Supplied material section start
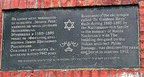 There is a plaque commemorating the Golden Rose Synagogue: "Remnant of the old temple called 'Di Goldene Royz'. Built during 1580-1595 by the Nachmanowicz family in the memory of Nachmanowicz's wife. The building designed by the Italian architect Pablo Romano was destroyed by Nazis and burnt in summer 1942."[8]
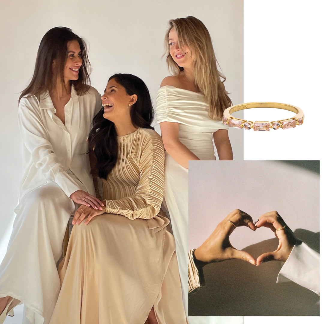 Twee van mijn allerbeste vriendinnen zijn Linda en Dunja. Wij zijn al ruim 16 jaar vrienden! Om een leven lang herinneringen en de meest bijzondere vriendschap te vieren, hebben we samen deze ring ontworpen. Ik ben zo dankbaar en trots op onze vriendschap. De ring heeft lichtroze stenen in verschillende vormen. Het is gemaakt van 925 sterling zilver en verguld met 18K goud.
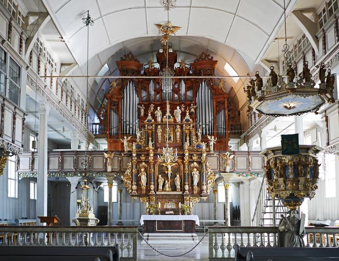| Keywords: sanctuary wooden church market church clausthal-zellerfeld resin oberharz timber construction pine wood carved altar figures pulpit baptismal font tourist attraction building architecture church wood ornately lower saxony organ instrument christianity evangelical lutheran religion |
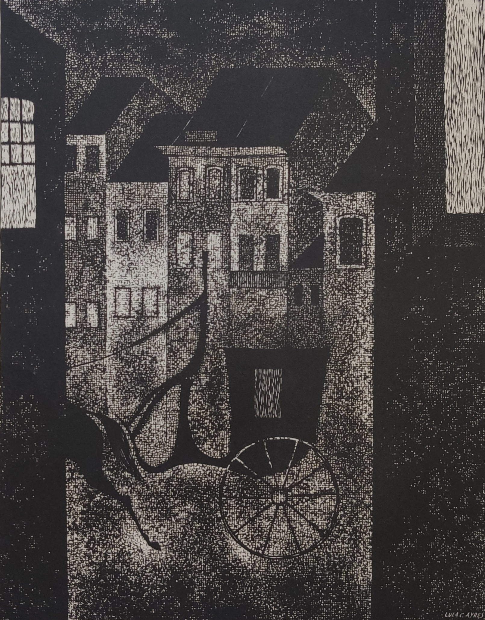 Luiz Gonzaga Cardoso Ayres (Recife PE 1910 - idem 1987). Pintor, fotógrafo, desenhista, ilustrador, muralista, cenógrafo. Estuda desenho e pintura com Heinrich Moser, entre 1922 e 1924. Viaja para Paris em 1925, visita a 1ª Exposição Internacional de Arte Decorativa, frequenta museus e ateliês de pintores como Maurice Denis e entra em contato com os movimentos artísticos modernos da Europa. Regressa ao Brasil no ano seguinte. No Rio de Janeiro, estabelece ateliê no bairro de Laranjeiras, frequenta informalmente a Escola Nacional de Belas Artes - Enba, e tem aulas de modelo vivo com Rodolfo Amoedo. No ateliê de Carlos Chambelland, estuda desenho e pintura. Conhece Candido Portinari, de quem se torna amigo. Profissionalmente, realiza cenários para teatro e atua como ilustrador e caricaturista na revista Para Todos.
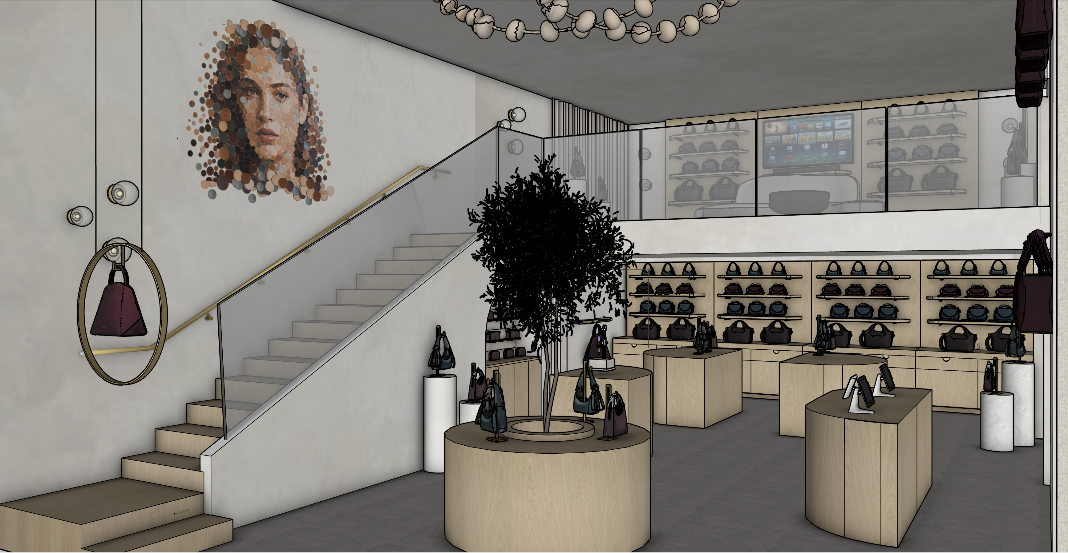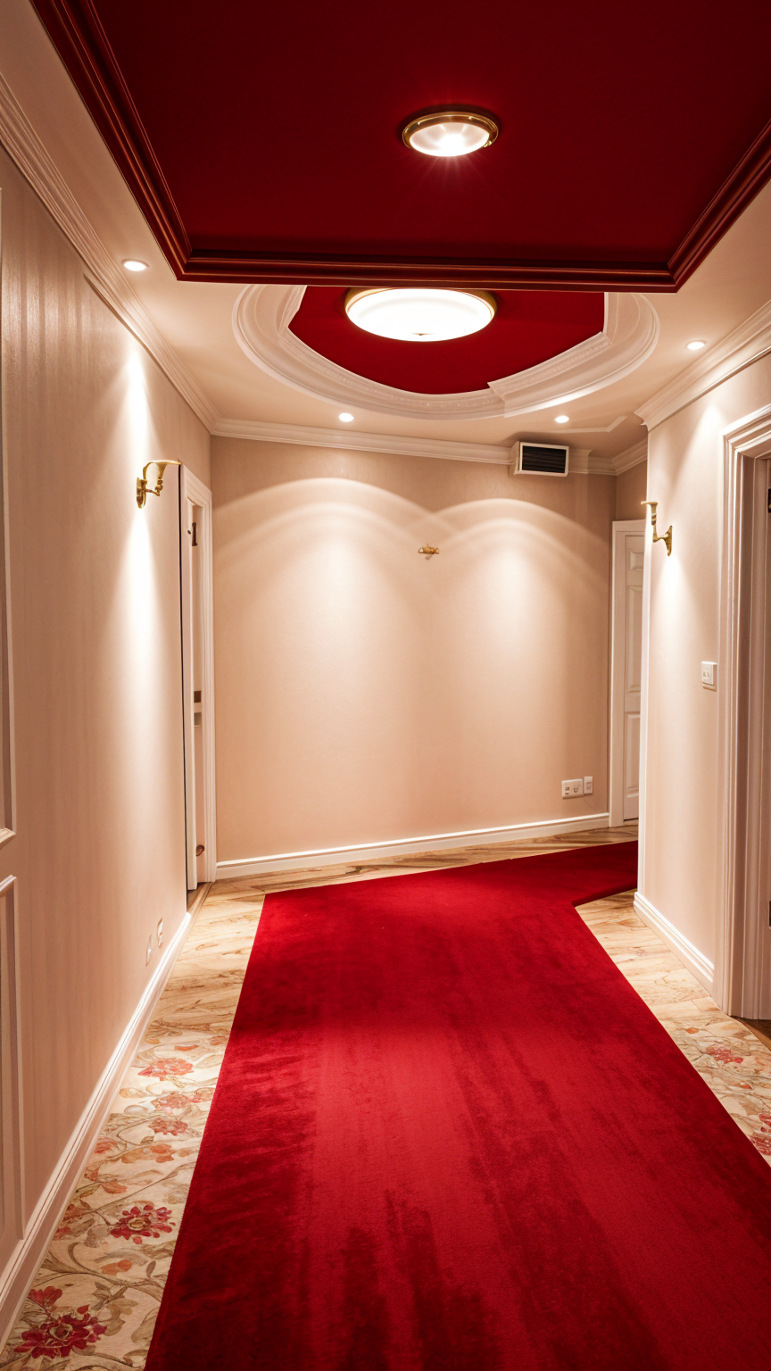 make photorealistic turn on chandelier add recessed lighting to the ceiling and do not change the chandelier dont alter mural light under the mezzanine add recessed lighting turn sconces
Supplied material section end
:: Aim of the exercise ::
Write out exactly and only the lines that run from the start of the data above through the line containing "Twee van mijn", leaving the pictures out.

:: Response to this task ::
 There is a plaque commemorating the Golden Rose Synagogue: "Remnant of the old temple called 'Di Goldene Royz'. Built during 1580-1595 by the Nachmanowicz family in the memory of Nachmanowicz's wife. The building designed by the Italian architect Pablo Romano was destroyed by Nazis and burnt in summer 1942."[8]
 Twee van mijn allerbeste vriendinnen zijn Linda en Dunja. Wij zijn al ruim 16 jaar vrienden! Om een leven lang herinneringen en de meest bijzondere vriendschap te vieren, hebben we samen deze ring ontworpen. Ik ben zo dankbaar en trots op onze vriendschap. De ring heeft lichtroze stenen in verschillende vormen. Het is gemaakt van 925 sterling zilver en verguld met 18K goud.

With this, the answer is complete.